5. Experiment and Analysis

5.1. Fault Injection in the TDCS-FIB Platform

To validate the effectiveness of the proposed algorithm in fault diagnosis of high-speed train traction systems, sensor drift fault injection is used in the TDCS-FIB platform, as shown in Figure 3. The simulation total duration is set to 4 s (1 ×

10^{5}

samples per second), with the fault injection occurring at the 2nd second. The data selected for the experiment, as shown in Figure 4, includes the inverter currents

i_{a}

,

i_{b}

,

i_{c}

, and DC-side voltages

U_{c 1}

,

U_{c 2}

, both before and after the sensor drift fault. According to the definition of the imbalance ratio (IR),

I R = \frac{M a j o r i t y C l a s s S a m p l e C o u n t}{M i n o r i t y C l a s s S a m p l e C o u n t}

[18], the imbalanced dataset is divided into three categories: a low imbalance dataset (IR: 1.5–3), a medium imbalance dataset (IR: 3–9), and a high imbalance dataset (IR > 9). Based on this criterion, three groups of datasets with different IRs (IR = 2.5, majority class: 100, minority class: 40; IR = 5, majority class: 100, minority class: 20; IR = 10, majority class: 100, minority class: 10) are constructed based on

i_{a}

,

i_{b}

,

i_{c}

and

U_{c 1}

,

U_{c 2}

data in both normal and fault conditions. The signals are divided into window segments consisting of every 2000 sample points. The standard deviation of each signal within these windows is then calculated. This helps in understanding the variability of the signals before and after the sensor drift fault. The standard deviations of the five signals (

i_{a}

,

i_{b}

,

i_{c}

,

U_{c 1}

and

U_{c 2}

) across each window are arranged into a new dataset. This dataset is then split into a training set and a testing set. The dataset is split into training and testing sets in a ratio of 8:2. Subsequently, normalization is performed on the data to scale the values within the range of 0 and 1, which is a common preprocessing step in many machine learning algorithms to ensure fair comparison and improve model performance.

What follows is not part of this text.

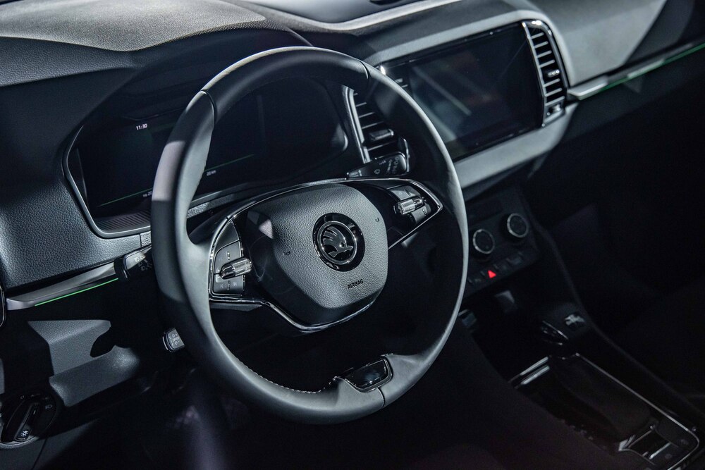 內裝質感IN實力 內裝是KAROQ改款新車另一個吸睛焦點:10.25吋全中文全彩數位儀表搭配9.2吋的CNS 3.0資訊娛樂系統,讓這款SUV的駕駛座艙既時尚又科技,整體風格又依車型不同而有所區隔:新雪山版採用的是亮銀髮絲紋飾板佐以舒適布紋座椅,搭配懸浮式飛梭滾輪多功能方向盤;進階的新玉山版 SportLine則為Carbon跑車運動化黑色飾板配上跑車式布紋座椅,方向盤則為附換檔撥片、音響及電 話控制功能的三幅跑車式多功能方向盤 。
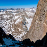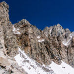 Most of these 14ers in California require some technical skills and gear to access them and their summits are often times remote, many miles from the nearest trailhead. There have been several occasions where guests of mine who have in the past climbed many or all of the Colorado 14ers have been humbled by the short list of California 14ers. That is not to say that all of the 14ers in California are challenging objectives. There are a few with trails right to the summit – such as Mt. Whitney that has an 11 mile circuitous trail that John Muir famously states was for soft, succulent folks. Mt. Muir has a short scramble from the Whitney Trail, and Mt. Langley and Mt. Russell are not too difficult or far off the beaten trail. The easiest to attain 14’er is White Mountain which has a road most of the way up the peak and an easy walk up a gated road to the summit. The High peaks of the Palisade group require at least 3rd class scrambling and often some wickedly exposed class 4-5 cruxes, not to mention and some navigation skills, solid preparations, and good mountain judgment. The Palisades are about as big as the entire Teton Range in Wyoming, and every bit as alpine.

Figure 3. Sensor drift fault injection.

Figure 4. System dynamics under sensor fault condition.

5.2. Parameter Settings and Evaluation Metrics

The differences among the C-SVM, Biased-SVM and St-SVM described in this paper lie in the selection of the penalty factor C. In order to emphasize the impact of the C adjustment on the classifier performance, all other parameter settings remain identical throughout the experiment, isolating the influence of this particular penalty factor on the classification effectiveness. For the Biased-SVM, the weight

w_{i}

is determined on

\frac{w_{1}}{w_{- 1}} = \frac{1 - q}{q}

, with class penalty factors

C_{i} = w_{i} \cdot C

, where i represents the sample class label [17]. Meanwhile, for St-SVM, the penalty factor

C_{i}

is resolved from Equation (13), where i represents the sample serial number.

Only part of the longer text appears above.